« La Marche sur Berne » a 50 ans: les femmes ont sifflé les hommes

(Keystone-ATS) Cet événement n’a duré qu’une heure, mais il a trouvé sa place dans les livres d’histoire: le 1er mars 1969, des milliers de femmes ont réclamé à cor et à cri devant le Palais fédéral l’introduction du droit de vote des femmes.
C’est l’Association zurichoise pour le suffrage des femmes qui avait appelé à cette « Marche sur Berne ». Les deux grandes associations nationales de femmes partageaient les mêmes objectifs, mais ont préféré rester à l’écart de la manifestation. Elles craignaient les émeutes et un retour de manivelle de la part des hommes dans les urnes.
Les militantes modérées des droits des femmes ont préféré assister à une conférence au Kursaal à Berne en ce 1er mars 1969. Mais c’était trop peu pour les 5000 femmes et hommes qui avaient fait le déplacement. Cet après-midi-là, ils ont marché sur le Palais fédéral, conduits par la militante zurichoise Emilie Lieberherr.
« Conseil fédéral, passe à l’action! »
Sur la Place fédérale, une résolution exigeant le droit de vote et d’éligibilité des femmes a été lue dans les quatre langues nationales. « Conseil fédéral, passe à l’action! », a crié Emilie Lieberherr à la foule . Un concert de sifflets a suivi. Il visait les hommes qui se sont opposés pendant des décennies au droit de vote des femmes.
Une délégation s’est ensuite rendue au Palais fédéral avec la résolution. La Chancellerie fédérale a simplement pris le document, ce que les femmes ont jugé insuffisant.
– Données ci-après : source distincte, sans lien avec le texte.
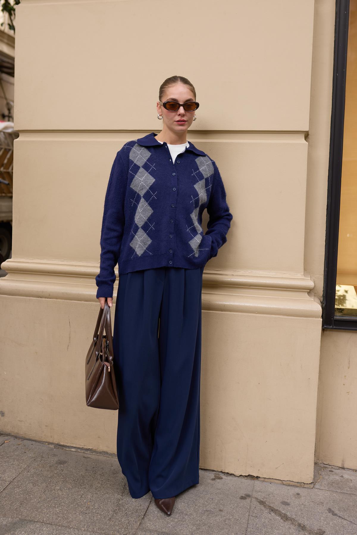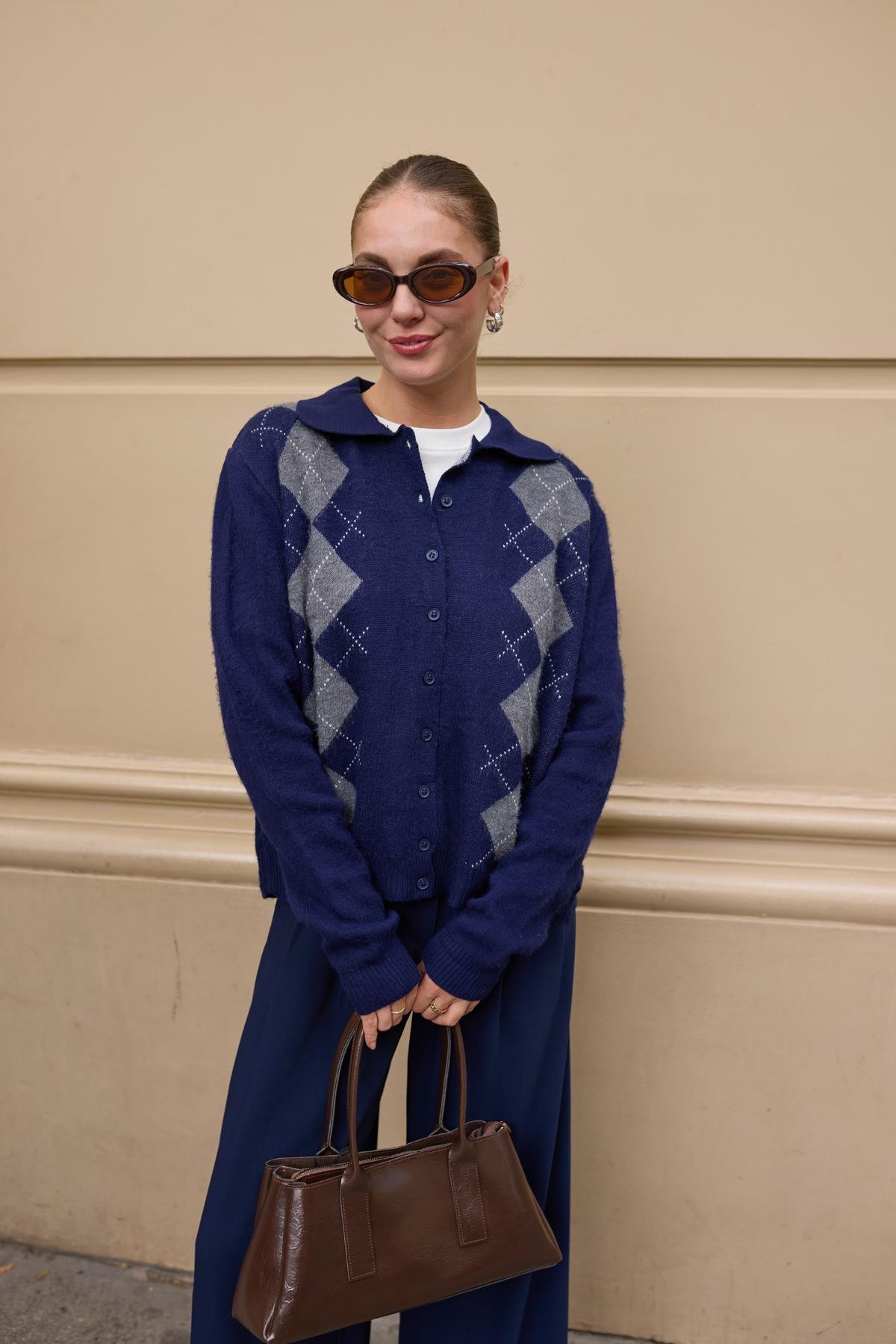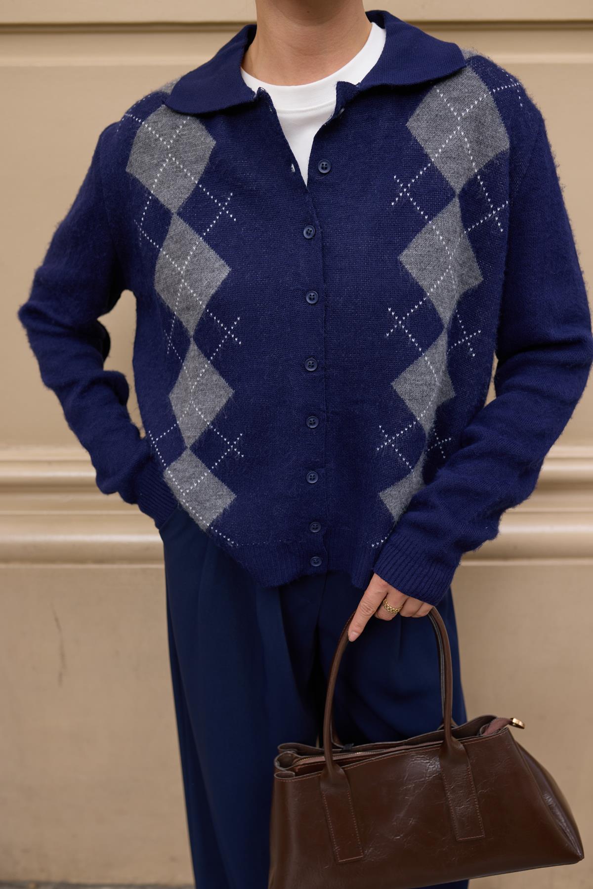 Lacivert Polo Yaka Baklava Desen Hırka (104-00496)

« Aucun des conseillers fédéraux n’a eu le courage de nous recevoir! », a déclaré Emilie Lieberherr en revenant devant la foule. Un autre concert de sifflets a retenti sur la Place fédérale. A 16h00 pile, les organisatrices déclaraient la manifestation close. Elle aura duré en tout et pour tout une heure.
Police mobilisée
Des jeunes femmes se sont certes exprimées spontanément au micro (« Nous ne voulons plus être reléguées au rang de soubrette. Laissons les hommes nettoyer eux-mêmes leurs chaussures! ») et certains jeunes hommes se sont assis sur les rails du tram en signe de protestation, mais rien ne s’est passé. Le trafic a simplement été dévié.
La « Marche sur Berne » est entrée dans les annales comme une manifestation sans heurt. Plus tard, on apprenait que la police était présente dans le Palais fédéral et sur sa terrasse, prête à intervenir avec des lances à eau et de gaz lacrymogène.
Cette manifestation a rencontré un grand écho dans la presse. Les organisateurs ont eu raison: ce rassemblement de femmes sûres d’elles a fait bien plus de bruit que le brave congrès qui se tenait en même temps au Kursaal.
Dans la mémoire collective, cette manifestation est devenue une étape décisive sur la voie du suffrage féminin. Le 7 février 1971, les hommes suisses ont dit oui, à la majorité des deux tiers, à la loi permettant aux femmes d’exister sur le plan politique.